Après Elle s’appelle Sabine, documentaire émouvant sur sa soeur atteinte d’autisme, Sandrine Bonnaire passe à la fiction avec J’enrage de son absence. Elle n’a pas peur de s’attaquer à un sujet difficile : la souffrance infinie de la mort d’un enfant. L’expérience de la perte, d’une perte irrémédiable, l’évidence du jamais plus.

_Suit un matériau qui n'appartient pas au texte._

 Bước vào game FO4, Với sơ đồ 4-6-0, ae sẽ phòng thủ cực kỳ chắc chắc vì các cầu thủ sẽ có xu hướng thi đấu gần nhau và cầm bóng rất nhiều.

L’histoire est celle d’un deuil qui se décline en deux parties. Une première pour présenter les personnages : un Américain (William Hurt) revient à Paris suite au décès de son père pour liquider la succession et vendre meubles et maison. Fragile et vulnérable, il erre comme un fantôme, observant d’abord à distance la femme qu’il a aimée. Celle-ci a fondé un nouveau couple et a un enfant de sept ans. Ils se retrouvent après une séparation de dix ans et, peu à peu, on comprend le drame qui est arrivé : la mort accidentelle de leur petit garçon à laquelle leur couple n’a pas survécu. La douleur et la solitude du père n’en sont que plus violentes. Lors de leurs retrouvailles, il manifeste le désir de connaître l’enfant et s’immisce de plus en plus dans leur vie, surtout dans celle du gamin qui, très sensible, comprend - sans rien savoir du passé – l’importance qu’il représente pour cet homme. Celui-ci va tout larguer de sa vie passée et, avec la complicité de l’enfant, il s’installe dans la cave de son ex, malgré la présence du mari. Un huis clos infernal commence alors....

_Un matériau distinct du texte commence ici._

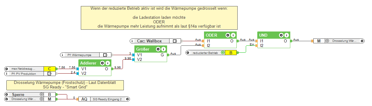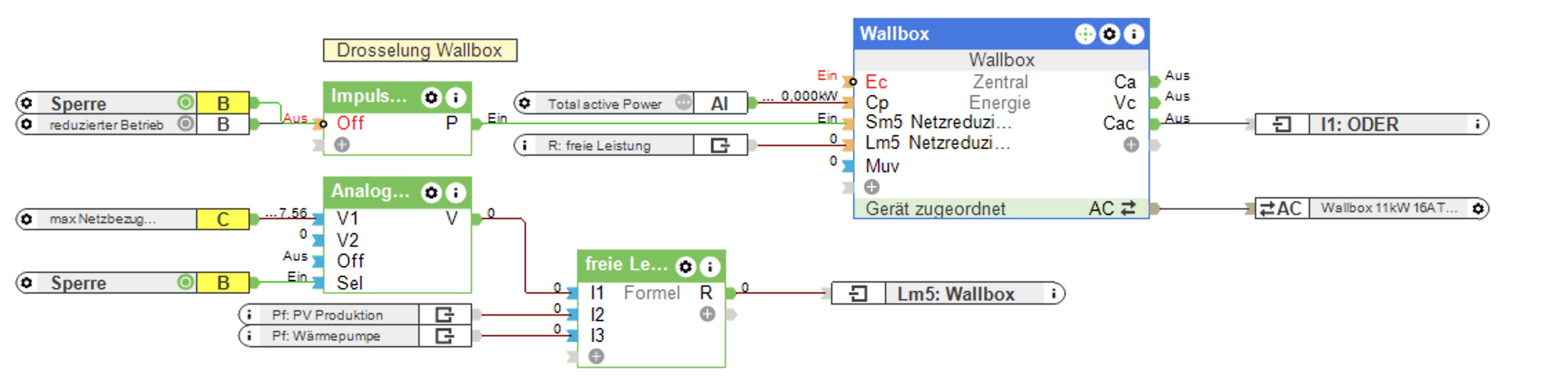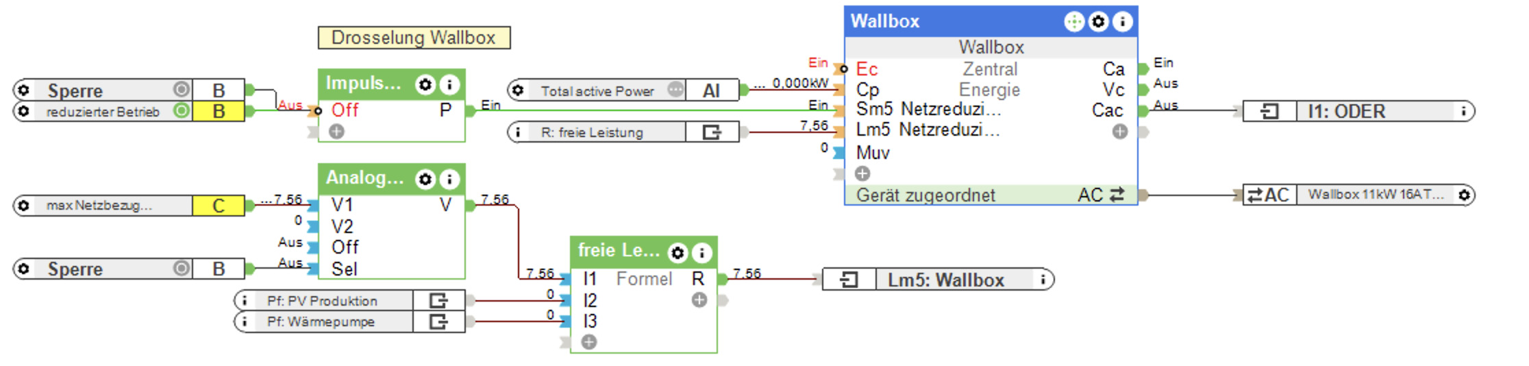 Im Falle einer Sperre des EVU wird das Laden über die Wallbox über den Analogwahlschalter auf 0 reduziert und die Wärmepumpe in den Frostschutz Betrieb versetzt. (SG Ready***)

La deuxième partie se heurte justement aux limites du huis clos. Volontairement séquestré et devenu fou de rage de l’absence de son enfant, l’homme est indifférent aux choses matérielles (la succession de son père, son travail au loin, ...). Le regard égaré de William Hurt exprime sa cicatrice toujours latente et toujours susceptible de déchirure face à l’irruption du réel, il s’attache au petit garçon comme s’il était le fils qu’il a eu avec sa mère. Un lien secret et émouvant se renforce entre l’homme et l’enfant qui l’aide à rester caché dans la cave. Ils deviennent complices, construisent des secrets. Intuitif, l’enfant comprend être indispensable dans la vie de ce nouvel ami enfermé dans son drame et sa solitude : il répare quelque chose du passé, mais personne ne remplace personne.

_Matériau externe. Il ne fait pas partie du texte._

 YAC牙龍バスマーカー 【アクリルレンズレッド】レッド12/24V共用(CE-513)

La sobriété parfaite de la mise en scène se nourrit du jeu des acteurs. Alexandra Lamy, d’abord connue par la comédie (Un gars, une fille, ...), se montre parfaite dans le registre dramatique. L’incomparable William Hurt a trouvé son meilleur rôle depuis Le Baiser de la femme araignée d’Hector Babenco. Sensible et juste dans le chagrin, il laisse sourdre la lente inflexion des sentiments et des blessures intimes. Il sait montrer son incapacité à faire le deuil de son petit garçon, combien il enrage de cette absence. Enfin l’enfant, excellent et délicat Jalil Mehenni. La prouesse de la réalisatrice est d’avoir maintenu le pathos à distance. Ce qui intéresse Sandrine Bonnaire, c’est le remplacement de l’enfant disparu par un autre. Son scénario, écrit avec Jérôme Tonnerre, est traversé par la mort, hanté par le deuil impossible. Une histoire de deuil qui évite les clichés.
Sélectionné hors compétition à la Semaine de la Critique du dernier festival de Cannes, le film y a obtenu un immense succès.